Rat-boy hid away crouching with the dogs. With the most craven of these, he had made friends; these were creatures bonding in equivalent misery. He thought: Will I ever escape this hellish place? And if I do, where can I go? For I have lost my way back home.
WHILE TEACHING HIMSELF the alphabet, and how to fashion words into logical sequences, Todd had had occasion to peruse some of the very old, never-opened books in Copplestone’s library at Wheatsheaf; as something of a prank, meaning to stupefy his father, he’d committed to memory a passage from Anaximander: It is necessary that things should pass away, into that from which they are born. For things must pay one another the penalty, and the compensation, for their injustice, according to the ordinance of Time. Todd had not understood this wisdom at the time, though he had felt its implacability.
And, in another of the old, ignored books, a passage of Heraclitus that had made him shudder, for something uncanny and prophetic in its words:
Time is a child playing draughts; the kingship is in the hands of a child.
Little could Todd have guessed that, one day, his own life would be in his hands, in a game of draughts.
IT WAS A distinct advantage that Rat-boy’s skinny frame and sallow skin made him seem younger than he was. A casual glance from any adult in the castle would have marked him as no more than ten, and negligible. Children were rarely seen in the castle, though babies were born; but babies did not long survive in the atmosphere of dank rot. But Rat-boy slipped past much scrutiny, for his small size, and muteness; and his privilege as the Countess’s page, even if the Countess no longer cared much for him, and had allowed his page-finery to become dirty and tattered. The females of the court, imagining him
so young, were careless with their dress and toilet in his presence, as with their speech; for Rat-boy did not seem to matter. A fleshy female with a harridan’s face said, with ribald wit: “Rat-boy is but a baby, yet both too old, and too young, to properly suckle at a woman’s breast.” Blushing fiercely Todd remained very still as the gathering of females laughed.
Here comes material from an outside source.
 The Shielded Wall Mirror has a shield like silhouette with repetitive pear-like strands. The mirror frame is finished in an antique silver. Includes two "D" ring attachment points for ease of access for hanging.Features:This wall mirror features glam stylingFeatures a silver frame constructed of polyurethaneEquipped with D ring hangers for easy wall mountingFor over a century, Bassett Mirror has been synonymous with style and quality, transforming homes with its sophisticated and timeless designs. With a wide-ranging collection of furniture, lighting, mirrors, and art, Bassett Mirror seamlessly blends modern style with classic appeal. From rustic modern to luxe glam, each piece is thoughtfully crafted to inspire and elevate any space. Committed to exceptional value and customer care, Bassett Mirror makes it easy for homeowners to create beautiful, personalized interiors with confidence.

Imagining him so young, and mute, the court was the more astounded when one night when the evening’s merrymaking was not so strident as usual, the Countess’s shy little page spoke aloud at last, in a high, frail, whispery voice—“Countess? May I speak?”
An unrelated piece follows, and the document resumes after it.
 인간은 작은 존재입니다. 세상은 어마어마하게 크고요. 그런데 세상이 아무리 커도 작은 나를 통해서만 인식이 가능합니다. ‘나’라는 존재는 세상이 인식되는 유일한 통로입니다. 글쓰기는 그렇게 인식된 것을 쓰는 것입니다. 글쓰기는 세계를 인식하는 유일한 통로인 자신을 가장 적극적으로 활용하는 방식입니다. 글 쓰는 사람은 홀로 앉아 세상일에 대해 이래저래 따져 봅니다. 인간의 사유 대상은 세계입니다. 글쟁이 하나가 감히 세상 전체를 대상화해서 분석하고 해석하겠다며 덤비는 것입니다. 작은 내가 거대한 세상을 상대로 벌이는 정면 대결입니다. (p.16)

“May you speak? What is this? Can you speak?”—the Countess was very surprised. “I have healed you, have I? Is that it? My care of my little Rat-boy page has restored his speech, has it?” The Countess thought well of herself for this miracle, as others congratulated her.
In his frail whispery voice, that was near-inaudible, Rat-boy spoke in the Countess’s ear: “I would like to play draughts with M-Master.”
“ ‘Draughts with—Master’?” The Countess stared at Todd with genuine alarm. “Are you mad? You will lose, and your dear little head will be chopped off, and flung to the carrion birds; and your Countess is not prepared for that, just yet.”
But Master had heard the page’s reckless words, that could not so easily be revoked. And through the gloomy vaulted room that resembled, for all its air of febrile festivity, and fires burning in several fireplaces, a vast mausoleum, there were startled exclamations and a scattering of applause, for the possibility of such sport was exciting, or at least carried the promise of excitement, in this morass of ennui.